Original topic: tikv的sql优化策略,适用于tiflash吗?

| username: Running

Does the SQL optimization strategy for TiKV apply to TiFlash? For example, multi-table join fields should have indexes, rewriting OR to IN, etc. Or how should SQL queries for the TiFlash engine be optimized? (excluding hardware-level expansion and optimization)

| username: xfworld | Original post link

TiFlash is currently used for acceleration, and the optimization methods are limited.

Refer to this article:

| username: TiDBer_UUTlqVvZ | Original post link

To optimize SQL queries for the TiFlash engine, consider the following aspects:

  1. Use TiFlash-supported functions: Not all functions are supported for pushdown in TiFlash. Refer to the official support list and standardize SQL according to the pushdown list.

  2. Bind SQL plans or force index usage: If the query results are inaccurate, you can bind SQL plans or force index usage. Use the following statement to bind:

CREATE [GLOBAL | SESSION] BINDING FOR BindableStmt USING BindableStmt;
  1. Manually re-statistic table information: If automatic analyze time is bypassed, manually re-statistic table information. Use the following statements for manual statistics:
show stats_meta where table_name='xxx';
show stats_healthy where table_name='xxx';
show STATS_HISTOGRAMS where table_name='xxx';
analyze table xxx;
  1. Avoid hotspot issues: Use clustered tables and where filters to retain as few data records as possible, find the primary key first, then join, and avoid full table scans. For uncertain field combinations, consider using TiFlash to accelerate uncertain condition filtering.

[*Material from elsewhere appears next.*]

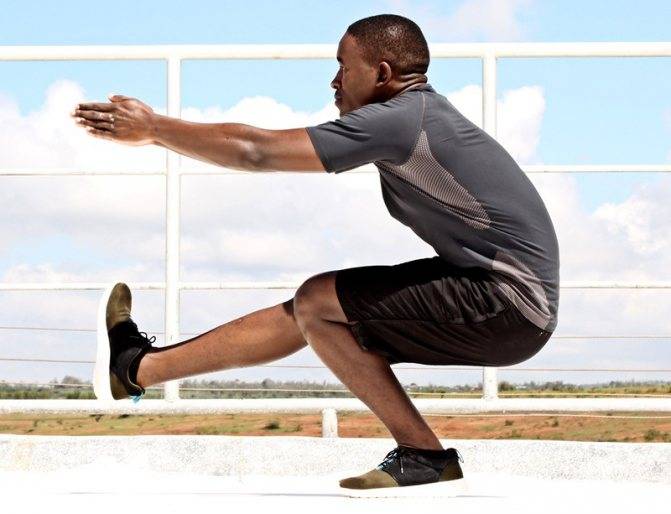 - Приседания — 2 сета по 12 повторов в каждом.

  2. Adjust TiFlash concurrency: Increase tidb_distsql_scan_concurrency to increase concurrency. TiFlash nodes should be deployed independently, with replicas preferably greater than 1 and less than the number of TiKV.

Additional reading:

| username: yulei7633 | Original post link

I will also refer to it and learn.

| username: Running | Original post link

Does column storage still have anything to do with indexes? It seems that the execution plans for the TiFlash engine are all full table scans.

| username: Running | Original post link

Looking forward to higher performance improvements in TiFlash and a reduction in the complexity of the technology stack.

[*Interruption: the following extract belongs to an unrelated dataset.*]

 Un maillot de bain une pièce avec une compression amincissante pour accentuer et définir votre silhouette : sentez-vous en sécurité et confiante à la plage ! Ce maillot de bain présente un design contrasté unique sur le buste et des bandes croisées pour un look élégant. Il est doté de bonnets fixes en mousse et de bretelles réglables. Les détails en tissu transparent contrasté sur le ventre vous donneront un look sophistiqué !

| username: TiDBer_UUTlqVvZ | Original post link

This is because not all SQL queries are suitable for TiFlash, so it may be necessary to make a judgment here. For many queries, using the index to access TiKV is actually much faster than using TiFlash.

| username: Running | Original post link

Got it, I have now set up a tidbserver node (with only the tiflash engine) specifically to handle complex queries. It seems to have both advantages and disadvantages.

| username: system | Original post link

This topic was automatically closed 60 days after the last reply. New replies are no longer allowed.